-- Stored records --
= Beginning of Section =

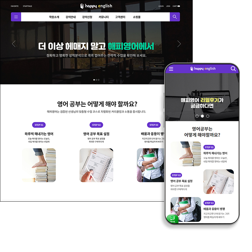 업종별 솔루션 영어학원A 와이드 홈페이지가 새롭게 출시되었습니다.
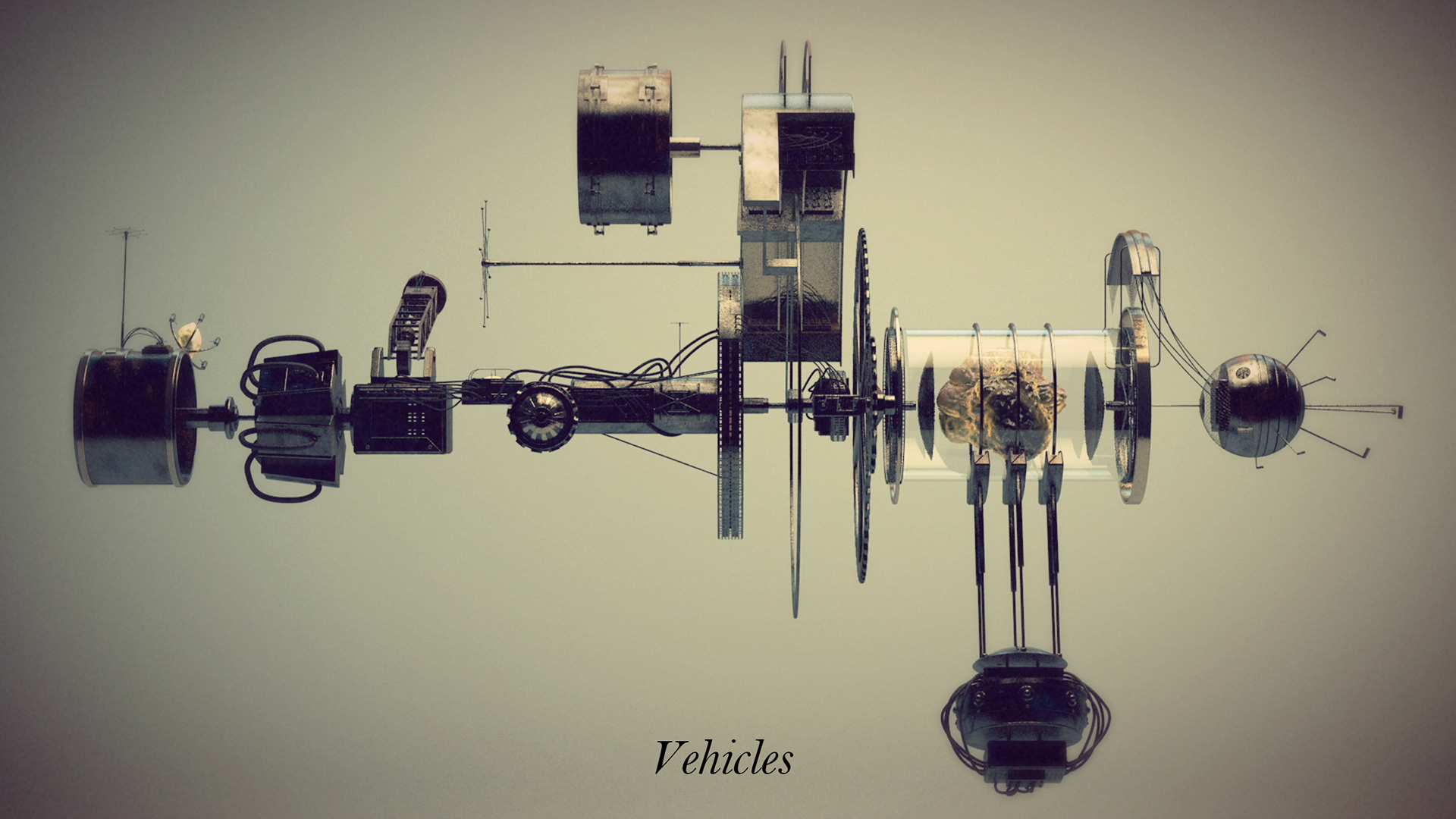 Vehicles is video and sound work. An imagined structure is revealed from its smallest components to the larger and more complex entities they compose. The accompanying music and sound reinforce a narrative ranging from a place of intimacy to a growing vastness, while echoing the visual content of the video. This work is loosely inspired from the essay Vehicles written by Italian-Austrian cyberneticist Valentino Braitenberg.
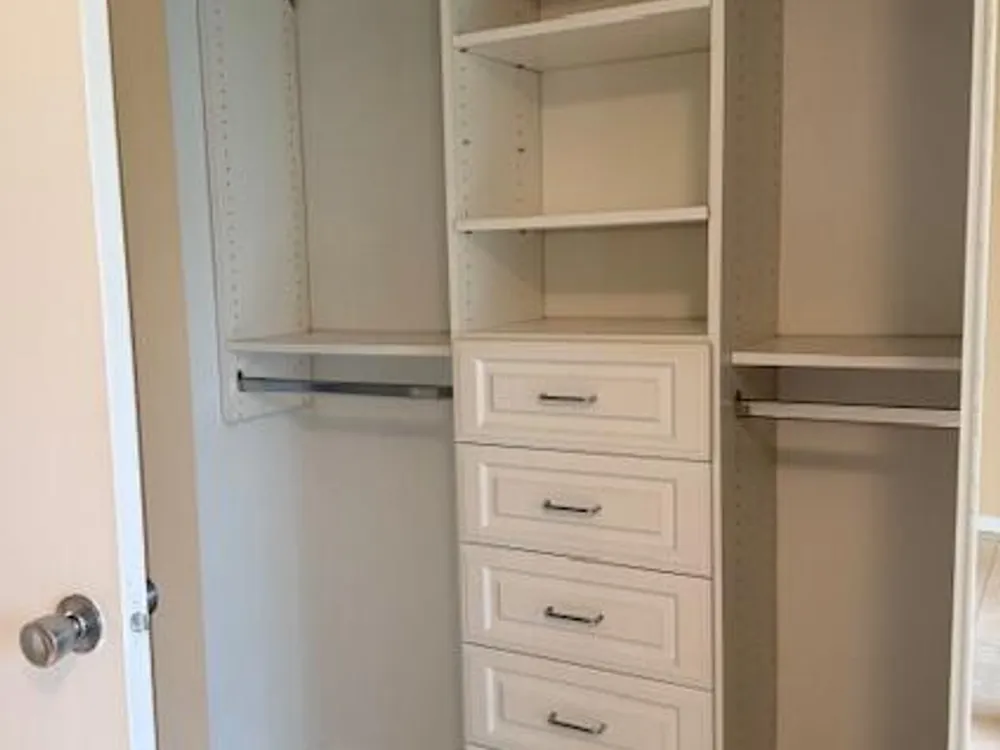 - Built-in Shelving, Closet Cabinetry, Entry Level Living Area, Pantry, Blinds, Drapes, Primary Downstairs, Storm Shutters
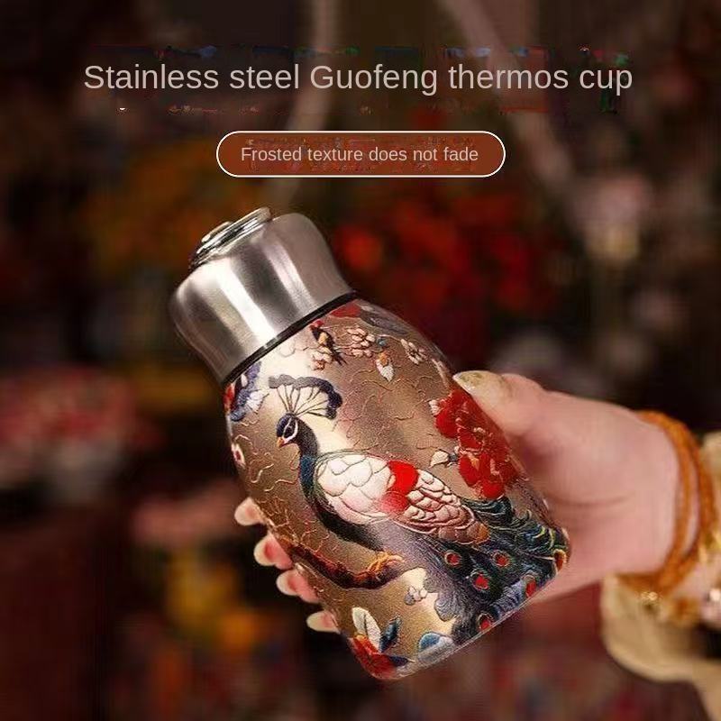 Último diseño elegante patrón de pavo real frasco de vacío botella térmica de acero inoxidable para la hidratación diaria
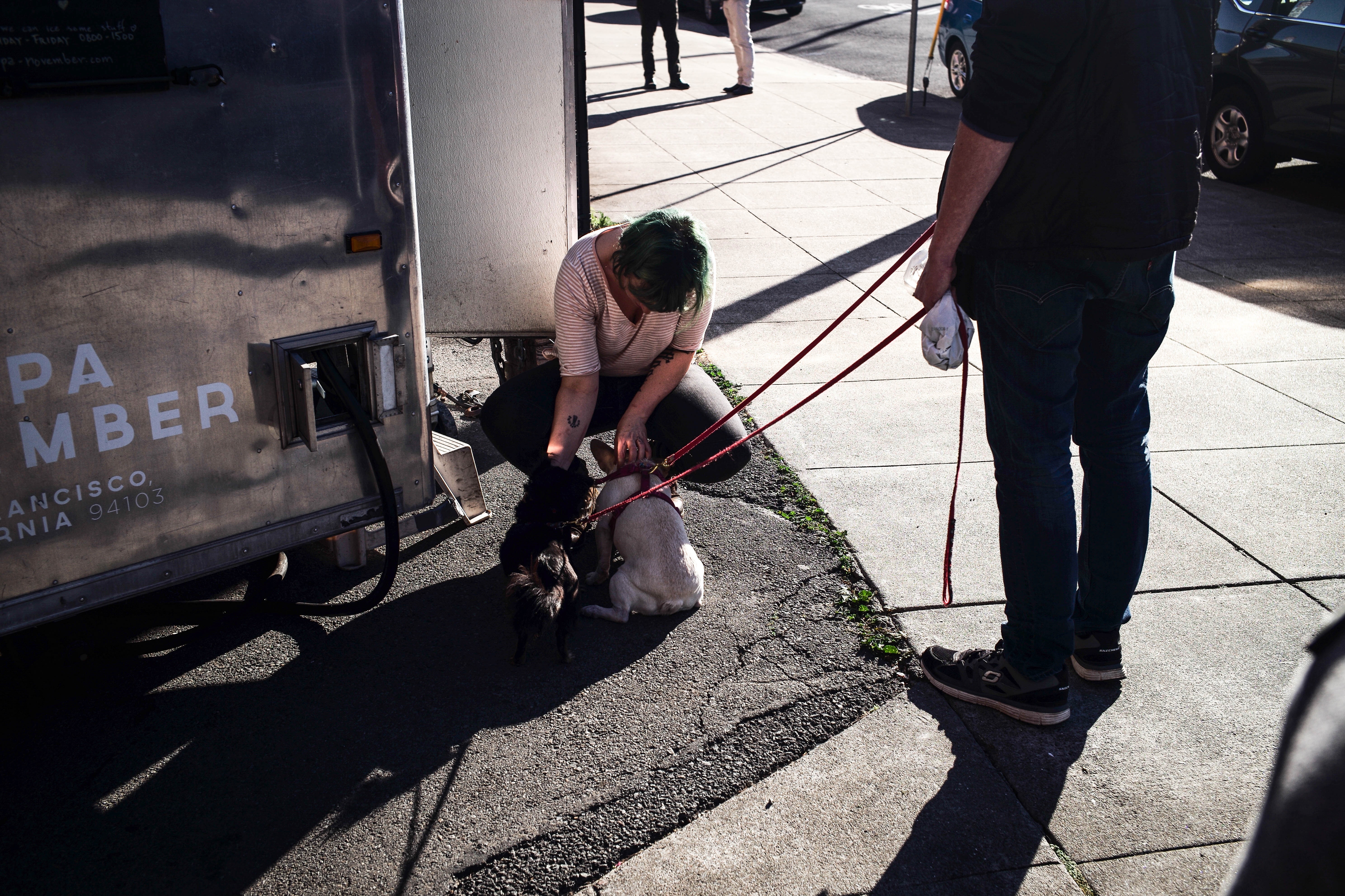 The photograph captures a moment of tenderness as a person with green hair crouches down to greet two leashed dogs on a sunlit city sidewalk. The warm, natural light emphasizes the playful interaction, creating a welcoming atmosphere amidst the bustling urban environment. The composition balances the humans and dogs, drawing attention to their connection against the backdrop of a food truck and casual street life.

= End of Section =

Retype the records above exactly, pictures omitted.

-- Solution to the problem --
 업종별 솔루션 영어학원A 와이드 홈페이지가 새롭게 출시되었습니다.
 Vehicles is video and sound work. An imagined structure is revealed from its smallest components to the larger and more complex entities they compose. The accompanying music and sound reinforce a narrative ranging from a place of intimacy to a growing vastness, while echoing the visual content of the video. This work is loosely inspired from the essay Vehicles written by Italian-Austrian cyberneticist Valentino Braitenberg.
 - Built-in Shelving, Closet Cabinetry, Entry Level Living Area, Pantry, Blinds, Drapes, Primary Downstairs, Storm Shutters
 Último diseño elegante patrón de pavo real frasco de vacío botella térmica de acero inoxidable para la hidratación diaria
 The photograph captures a moment of tenderness as a person with green hair crouches down to greet two leashed dogs on a sunlit city sidewalk. The warm, natural light emphasizes the playful interaction, creating a welcoming atmosphere amidst the bustling urban environment. The composition balances the humans and dogs, drawing attention to their connection against the backdrop of a food truck and casual street life.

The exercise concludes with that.